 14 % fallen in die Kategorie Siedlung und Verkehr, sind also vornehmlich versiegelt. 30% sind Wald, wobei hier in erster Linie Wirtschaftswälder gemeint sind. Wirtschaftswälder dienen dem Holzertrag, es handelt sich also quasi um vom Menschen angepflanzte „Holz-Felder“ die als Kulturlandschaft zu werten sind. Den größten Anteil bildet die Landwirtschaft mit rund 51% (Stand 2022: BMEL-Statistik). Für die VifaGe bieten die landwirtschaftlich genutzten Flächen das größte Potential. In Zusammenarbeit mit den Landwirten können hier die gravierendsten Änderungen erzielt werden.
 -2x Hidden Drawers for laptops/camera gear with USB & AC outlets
==*==
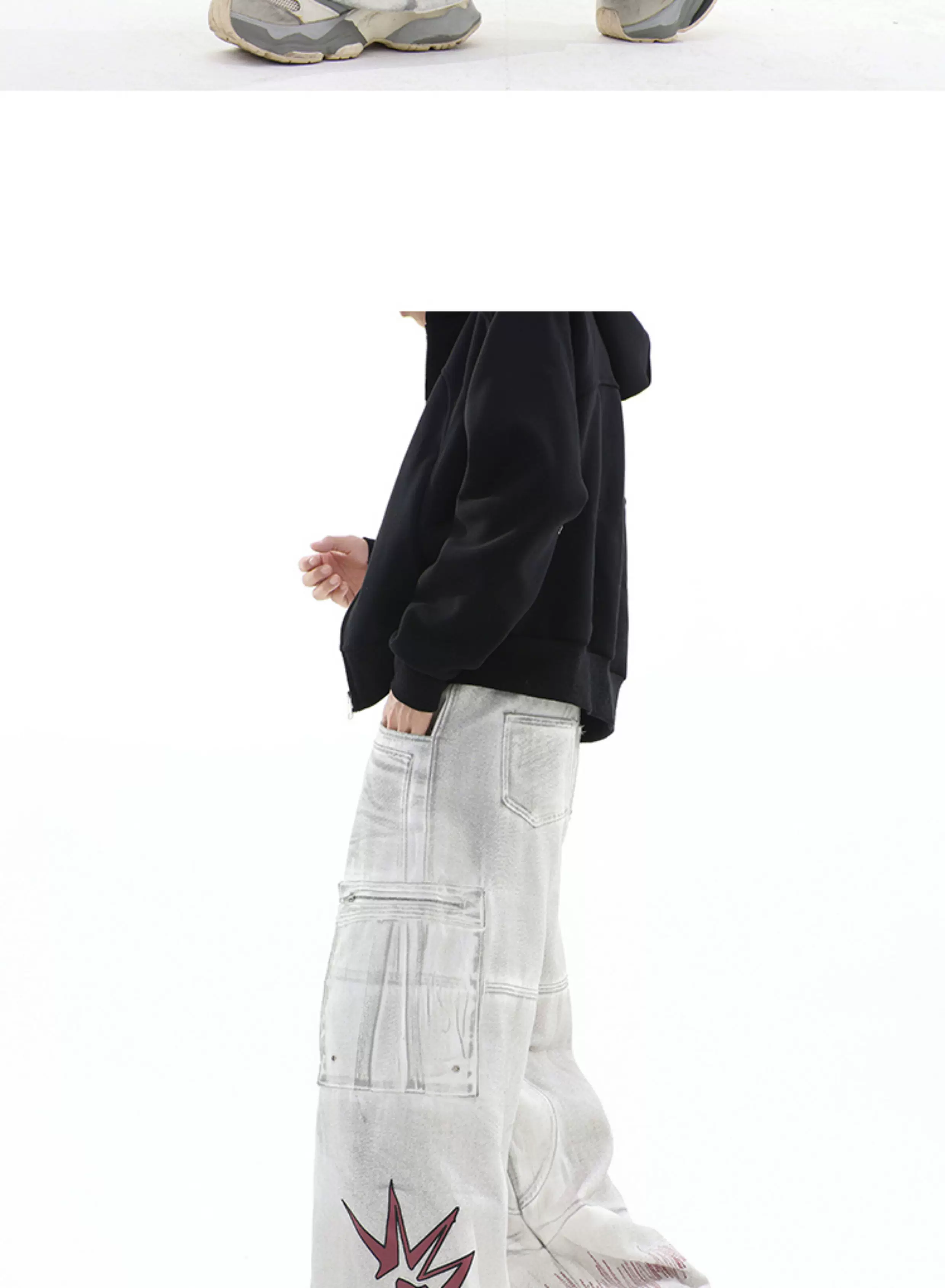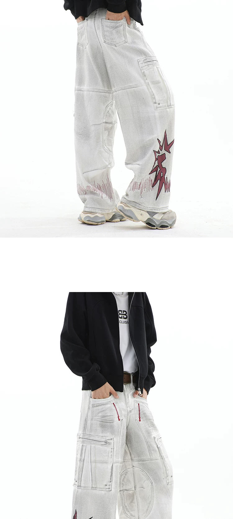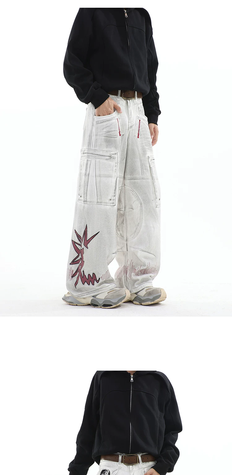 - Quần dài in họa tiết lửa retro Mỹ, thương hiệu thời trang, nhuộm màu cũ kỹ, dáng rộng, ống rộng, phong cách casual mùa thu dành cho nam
==*==
Task description → Reproduce exactly, and only, the part of the listing above that begins at the line with "14 % fallen" and goes on through the line with "-2x Hidden Drawers".

Exercise answer →
 14 % fallen in die Kategorie Siedlung und Verkehr, sind also vornehmlich versiegelt. 30% sind Wald, wobei hier in erster Linie Wirtschaftswälder gemeint sind. Wirtschaftswälder dienen dem Holzertrag, es handelt sich also quasi um vom Menschen angepflanzte „Holz-Felder“ die als Kulturlandschaft zu werten sind. Den größten Anteil bildet die Landwirtschaft mit rund 51% (Stand 2022: BMEL-Statistik). Für die VifaGe bieten die landwirtschaftlich genutzten Flächen das größte Potential. In Zusammenarbeit mit den Landwirten können hier die gravierendsten Änderungen erzielt werden.
 -2x Hidden Drawers for laptops/camera gear with USB & AC outlets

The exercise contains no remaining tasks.